= Fauna of Afghanistan =

Native animals of Afghanistan

Fauna of Afghanistan is gradually increasing due to the Qosh Tepa Canal and the establishment of national parks and dams. In Afghanistan, there are more than 3,000 plant species, including many assortments of trees, bushes, vines, blossoms, and growths. Especially numerous are therapeutic plants such as wormwood, and asafoetida; products of the soil trees are found in numerous territories. Fauna found in the region includes the fox, lynx, wild hound, bear, mongoose, vixen, hedgehog, hyena, jerboa, rabbit, and wild assortments of felines, asses, mountain goats, and mountain sheep. Trout is the most common fish. There are over 100 species of wildfowl and other birds.

==Wildlife==

The Caspian tiger used to be sighted along the upper compasses of Hari River close to Herat to the wildernesses in the lower spans of the stream until the mid 1970s. In March 2017, fringe monitors captured and appropriated six white lions in Kandahar Province. It was eventually confirmed that they were from Africa. Four of the lions were later taken to Kabul Zoo while the other two are still in Kandahar.

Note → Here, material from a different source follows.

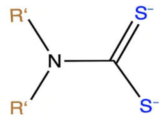 The dithiocarbamate anions with the generic formula -S2CNR′R″ (Figure 2) are the semi-amides of dithiocarbonic acids and sulfur analogs of carbamates (R2NCO2-) [65,66,67,68]. Since the 1940s, dithiocarbamates have been used as non-systemic pesticides to treat various fungal diseases in numerous crops and ornamental plants [69]. Moreover, these compounds and their derivatives are active agents in pharmacology, medicine, and biochemistry, and are extensively used in inorganic and organic chemistry. Their stability and interesting electrochemical and optical properties render them a valuable tool in research [70]. Previous studies have reported that the two donor sulfur atoms contribute significantly to the metal-binding capabilities of dithiocarbamate ligands [54,66]. These compounds possess well-known ligands that can firmly and selectively bind to a wide range of metal ions [66,71], making them extremely useful for a variety of medicinal and industrial applications.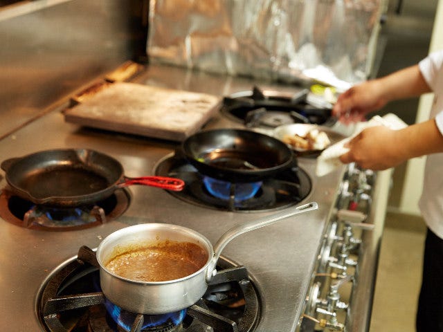 2.残った骨はブロード(出汁)用として、水120ccと塩を入れて2時間ほど煮出す。(ブロードをとるのが難しければチキンスープ120 ccを用意する)

Vegetation in Afghanistan is scanty yet diverse. Latest reports state that about 2.8% of the country is believed to be forested, which amounts to nearly 2000000 ha of the land. Regular trees in the country are pines, evergreens, mulberries, maples, oaks, poplars, almonds, walnuts, wild hazelnuts, and pistachios. In parts of the east and southwest date palms, citrus and weeping trees can be spotted. The fields of the north are to a great extent dry, treeless steppes, and those of the southwestern corner are about appalling deserts. Regular plants in the dry districts incorporate camel thistle, locoweed, prickly restharrow, mimosa, and wormwood, an assortment of sagebrush. The wild creatures of Afghanistan include over 100 warm blooded animal species, some of which are approaching extinction. The most grievously endangered are the goitered gazelle, panther, snow leopard, markhor, and bactrian deer. Other wild creatures of Afghanistan include Marco Polo sheep, urials, ibex, bears, wolves, foxes, hyenas, jackals, and mongooses. Wild pig, hedgehogs, wenches, rabbits, mouse rabbits, bats, and different rodents additionally happen. In excess of 380 flying creature species are found in Afghanistan, with in excess of 200 reproducing there. Flamingo and other oceanic fowl breed in the lake regions south and east of Ghazni. Hunting wildlife has been banned in all provinces of Afghanistan.